• _REQUIRED ACTION_: Print out each entry without alteration, and keep the pictures out.

• _DATA FOR THE TASK_:

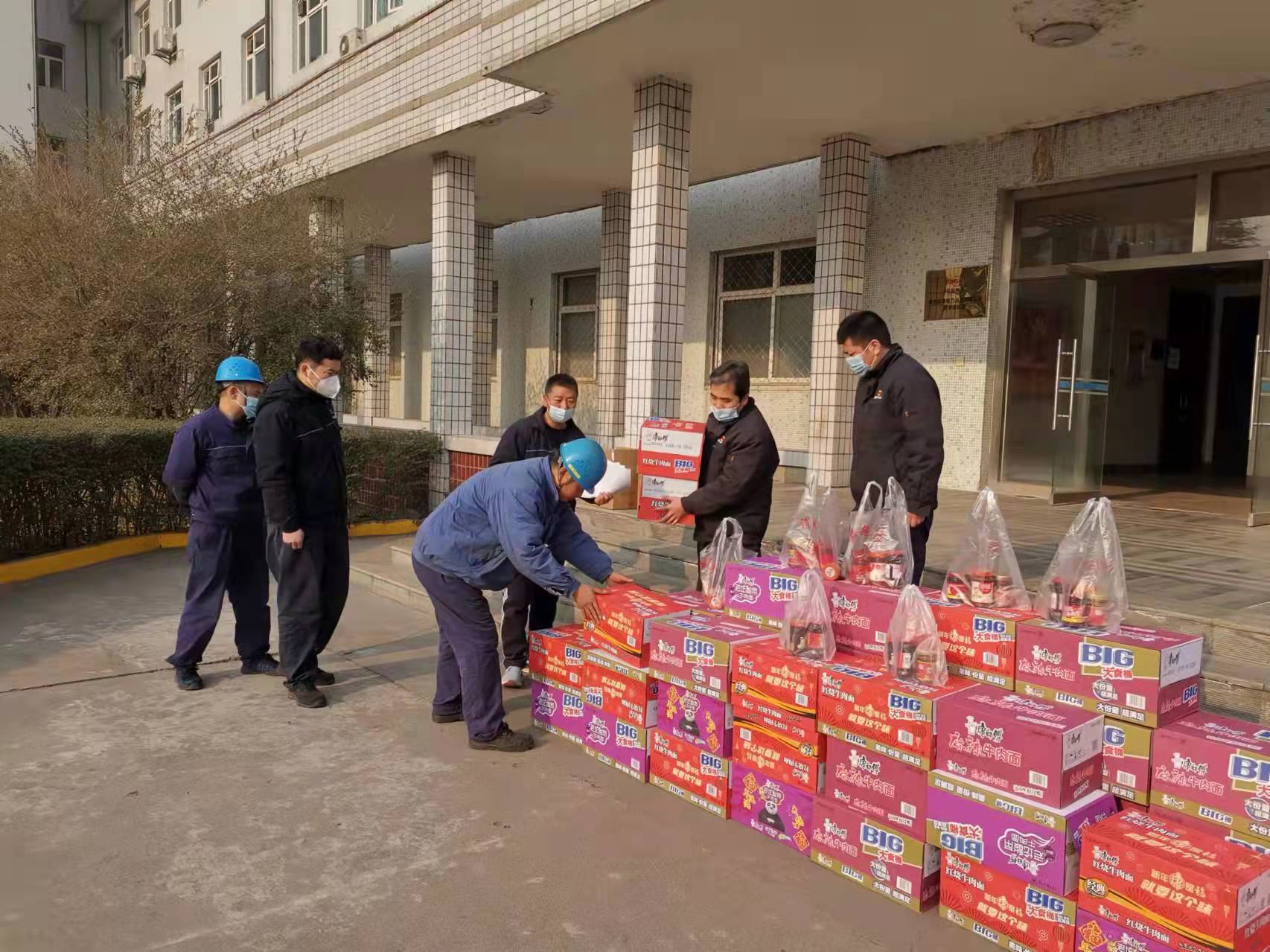 赵石畔项目部党支部为坚守一线的员工购买食品和各类防疫物资,在这个寒冷的冬天给大家带来了温暖。
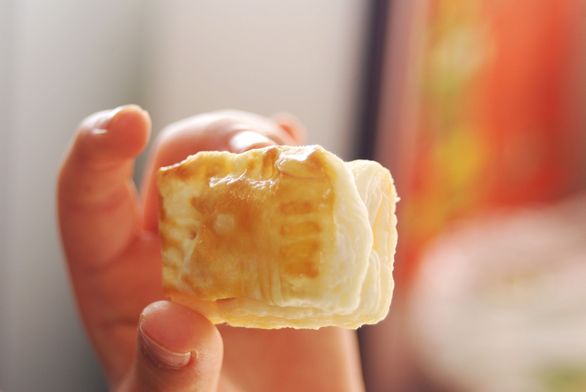 パイ生地を冷凍庫から取り出したら、10分ほど置いておき自然解凍させましょう。
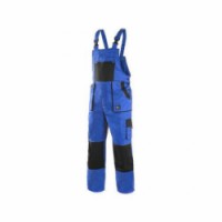 Pánské kalhoty s náprsenkou, zdvojená kolena, přední vakové kapsy, náprsní kapsa na zip, boční kapsy na metr a na mobil, pas v zadní části do gumy. Prodloužená velikost na 194 cm. Velikost: 50, 54, 58, 62, 66 Rozdělení: Pánské Normy: EN ISO 13688 Montérková kolekce: CXS LUXY Materiálové složení: kepr 100% bavlna Gramáž: 260 g/m2 Barva: modro-černéPánské prodloužené zahradníky CXS LUXY ROBIN, modro-černé
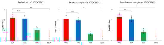 After bacterial inoculation, the cell densities of control ice samples (0OX) were 2.21, 2.10, and 2.26 Log CFU/100 mL for E. coli ATCC25922, En. faecalis ATCC29212, and P. aeruginosa ATCC27853, respectively. In more detail, Figure 2 shows that the antibacterial activity of the food ice activated with different concentrations of H2O2 was comparable among the different strains tested. No significant differences (p > 0.05) were found among the levels of microbial count for the trials 0OX and 4OX between the same bacteria strains, showing that the presence of 4 mg/L of H2O2 in the food ice did not exert any disinfecting action. In contrast, the counts of the three bacteria decreased significantly (p < 0.001) with increasing H2O2 concentration. In particular, E. coli ATCC25922, En. faecalis ATCC29212, and P. aeruginosa ATCC27853 decreased consistently in the 8OX trial and were not detected in the 12OX samples, showing the bactericidal efficacy of H2O2 at the concentration of 12 mg/L against both Gram-positive (En. faecalis) and Gram-negative (E. coli and P. aeruginosa) bacteria commonly searched in water to establish its drinkability [33].
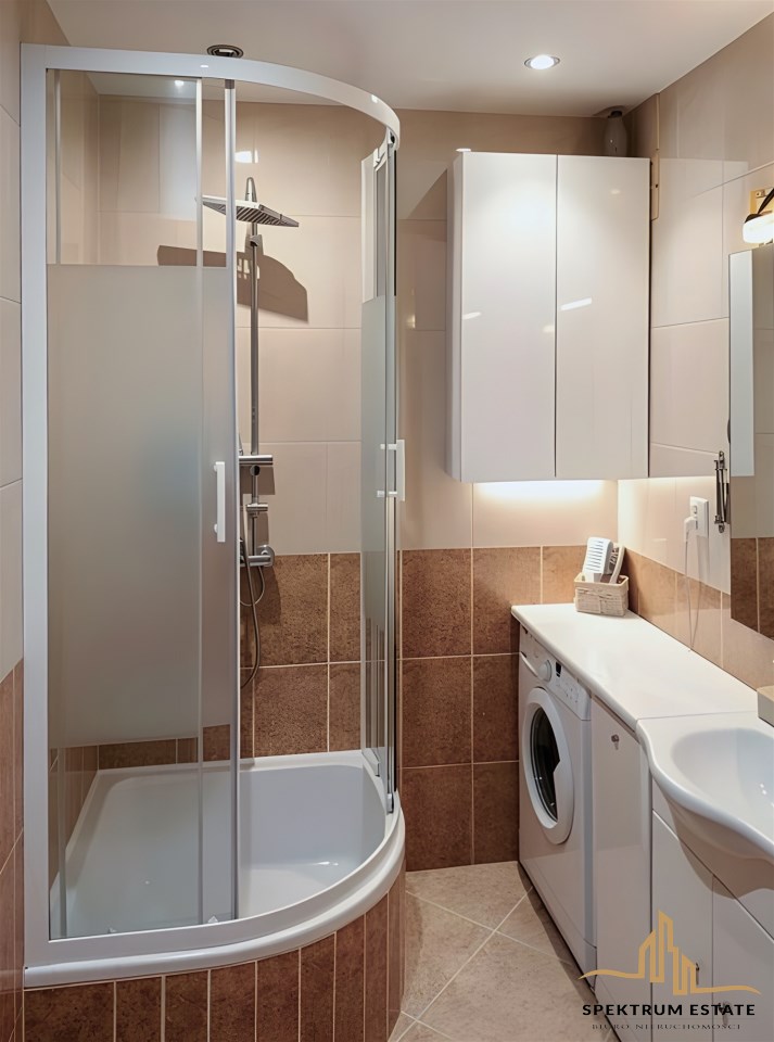 | Wyposażenie łazienki | pralka, WC, umywalka, prysznic, lustro, kabina prysznicowa |
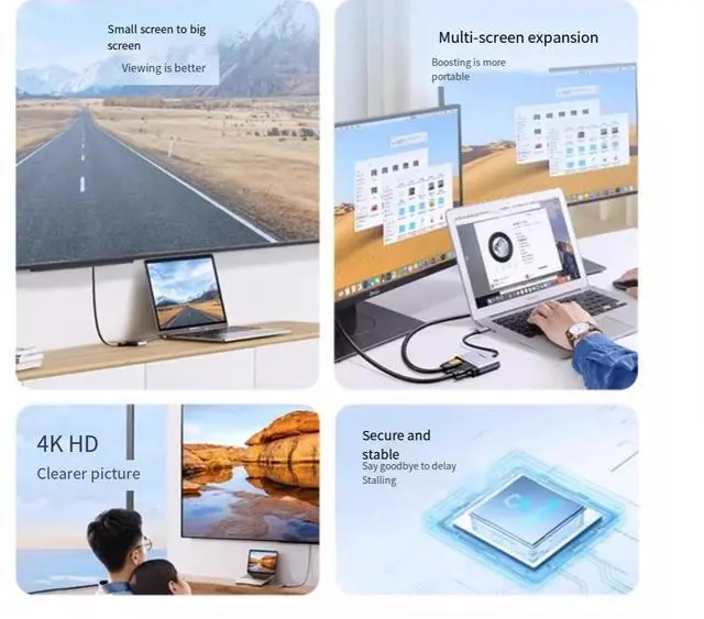UGREEN 4-in-1 Typec to HDMI+VGA+PD+USB3.0 Extension converter Adapter External laptop Mobile iPad tablet connected to TV projector usb multi-function projection display
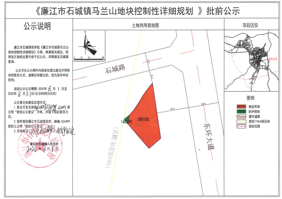 《廉江市石城镇马兰山地块控制性详细规划》批前公示
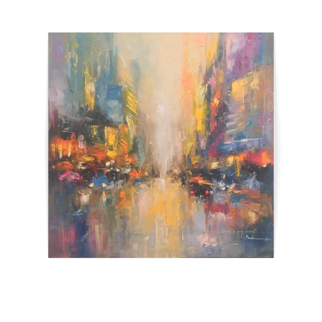 This unique and original contemporary artwork "Shine through" has been created by the contemporary artist Mande. The artist used oil medium on canvas to create this impressionistic city scape.
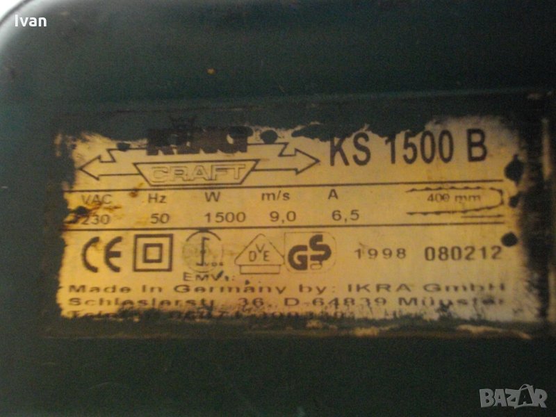 Почти нова масивна мощна и силна 2100 ватова ел.резачка,професионален модел на производител само на профи инструменти-Ikra.Машината е немско оригинално производство 2007 година,упоменато с маркировки.Марка и модел-King Craft MSI 2100.Много запазен външен вид и отлично техническо състояние.Работи много добре.Силно,мощно,бързо,ефективно при работа.Мощност на мотора-2100 вата,скорост при работа-9м/секунда.Дължина шина-40см,верига-оригинална немска,с много добре фабрично заточени зъби.Прозрачен показател за ниво масло.Регулатор впръскване на маслото,разположен на резервоара.Твръдосплавна пластмасова,широка и удобна,спирачка.Голяма масивна дръжка.Тегло на машината-5кг.
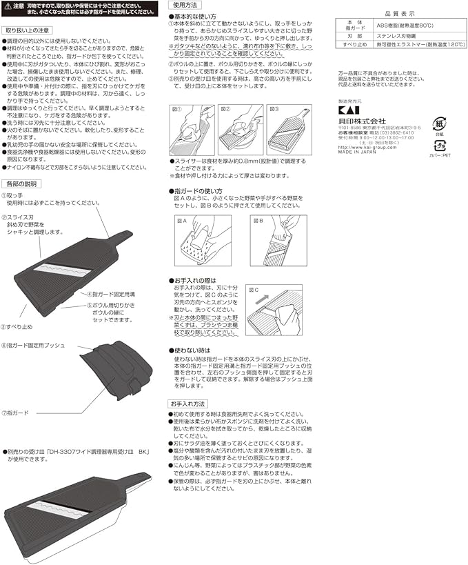 貝印 KAI キャベツスライサー 関孫六 ワイド ガード付 日本製 DH3304

• _RESULT OF THIS TASK_:
 赵石畔项目部党支部为坚守一线的员工购买食品和各类防疫物资,在这个寒冷的冬天给大家带来了温暖。
 パイ生地を冷凍庫から取り出したら、10分ほど置いておき自然解凍させましょう。
 Pánské kalhoty s náprsenkou, zdvojená kolena, přední vakové kapsy, náprsní kapsa na zip, boční kapsy na metr a na mobil, pas v zadní části do gumy. Prodloužená velikost na 194 cm. Velikost: 50, 54, 58, 62, 66 Rozdělení: Pánské Normy: EN ISO 13688 Montérková kolekce: CXS LUXY Materiálové složení: kepr 100% bavlna Gramáž: 260 g/m2 Barva: modro-černéPánské prodloužené zahradníky CXS LUXY ROBIN, modro-černé
 After bacterial inoculation, the cell densities of control ice samples (0OX) were 2.21, 2.10, and 2.26 Log CFU/100 mL for E. coli ATCC25922, En. faecalis ATCC29212, and P. aeruginosa ATCC27853, respectively. In more detail, Figure 2 shows that the antibacterial activity of the food ice activated with different concentrations of H2O2 was comparable among the different strains tested. No significant differences (p > 0.05) were found among the levels of microbial count for the trials 0OX and 4OX between the same bacteria strains, showing that the presence of 4 mg/L of H2O2 in the food ice did not exert any disinfecting action. In contrast, the counts of the three bacteria decreased significantly (p < 0.001) with increasing H2O2 concentration. In particular, E. coli ATCC25922, En. faecalis ATCC29212, and P. aeruginosa ATCC27853 decreased consistently in the 8OX trial and were not detected in the 12OX samples, showing the bactericidal efficacy of H2O2 at the concentration of 12 mg/L against both Gram-positive (En. faecalis) and Gram-negative (E. coli and P. aeruginosa) bacteria commonly searched in water to establish its drinkability [33].
 | Wyposażenie łazienki | pralka, WC, umywalka, prysznic, lustro, kabina prysznicowa |
UGREEN 4-in-1 Typec to HDMI+VGA+PD+USB3.0 Extension converter Adapter External laptop Mobile iPad tablet connected to TV projector usb multi-function projection display
 《廉江市石城镇马兰山地块控制性详细规划》批前公示
 This unique and original contemporary artwork "Shine through" has been created by the contemporary artist Mande. The artist used oil medium on canvas to create this impressionistic city scape.
 Почти нова масивна мощна и силна 2100 ватова ел.резачка,професионален модел на производител само на профи инструменти-Ikra.Машината е немско оригинално производство 2007 година,упоменато с маркировки.Марка и модел-King Craft MSI 2100.Много запазен външен вид и отлично техническо състояние.Работи много добре.Силно,мощно,бързо,ефективно при работа.Мощност на мотора-2100 вата,скорост при работа-9м/секунда.Дължина шина-40см,верига-оригинална немска,с много добре фабрично заточени зъби.Прозрачен показател за ниво масло.Регулатор впръскване на маслото,разположен на резервоара.Твръдосплавна пластмасова,широка и удобна,спирачка.Голяма масивна дръжка.Тегло на машината-5кг.
 貝印 KAI キャベツスライサー 関孫六 ワイド ガード付 日本製 DH3304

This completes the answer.